# DIRECTIONS
Starting at the first line and ending at the one with "on the table.", give the lines of the listing again exactly, and nothing else; skip the pictures.

** INFORMATION SHOWN follows **

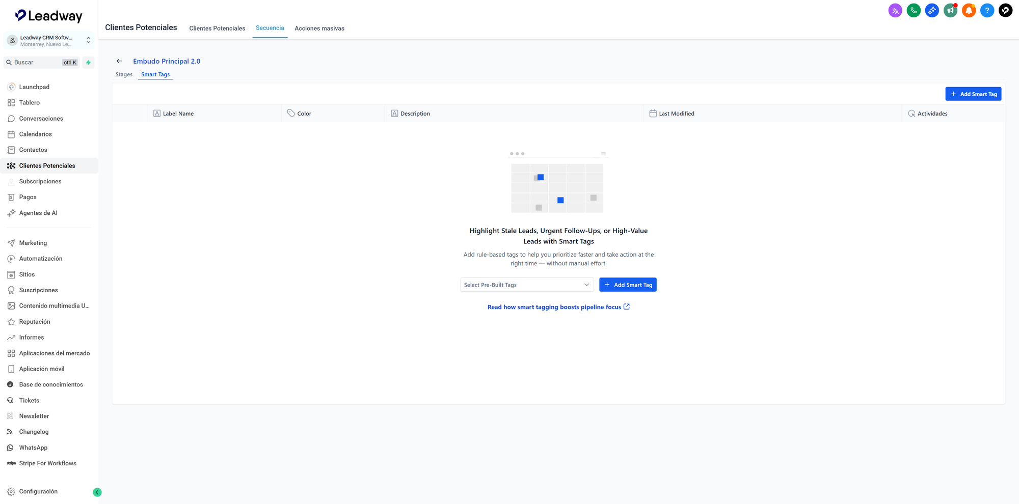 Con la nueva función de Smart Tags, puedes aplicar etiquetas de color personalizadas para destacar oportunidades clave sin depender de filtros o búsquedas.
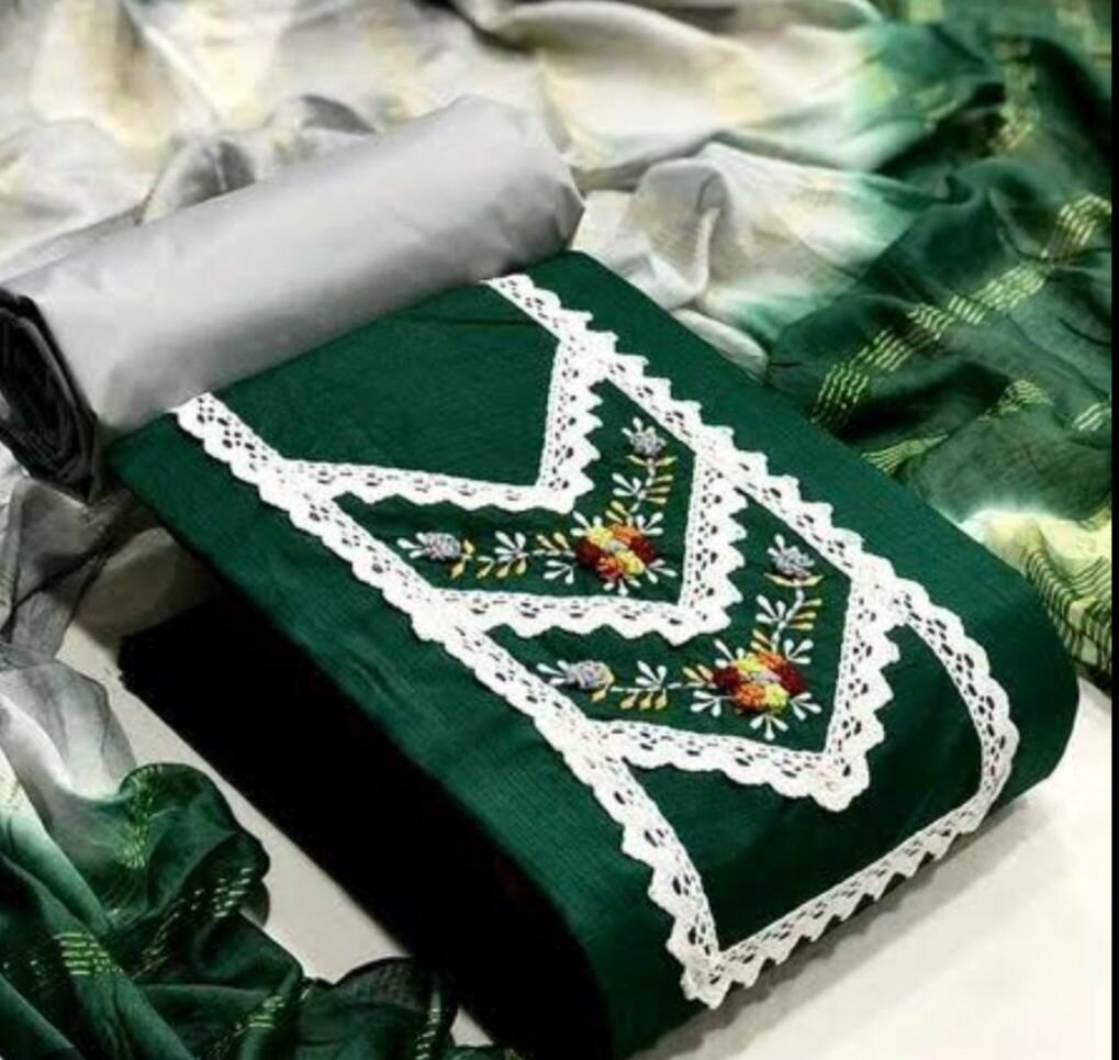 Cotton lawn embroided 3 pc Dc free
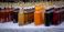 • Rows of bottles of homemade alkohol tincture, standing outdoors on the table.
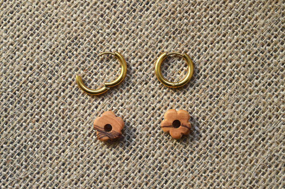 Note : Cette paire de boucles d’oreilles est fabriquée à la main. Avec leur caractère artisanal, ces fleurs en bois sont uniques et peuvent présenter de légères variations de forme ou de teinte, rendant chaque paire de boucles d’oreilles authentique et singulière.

** End of INFORMATION SHOWN **

# ANSWER SECTION
 Con la nueva función de Smart Tags, puedes aplicar etiquetas de color personalizadas para destacar oportunidades clave sin depender de filtros o búsquedas.
 Cotton lawn embroided 3 pc Dc free
 • Rows of bottles of homemade alkohol tincture, standing outdoors on the table.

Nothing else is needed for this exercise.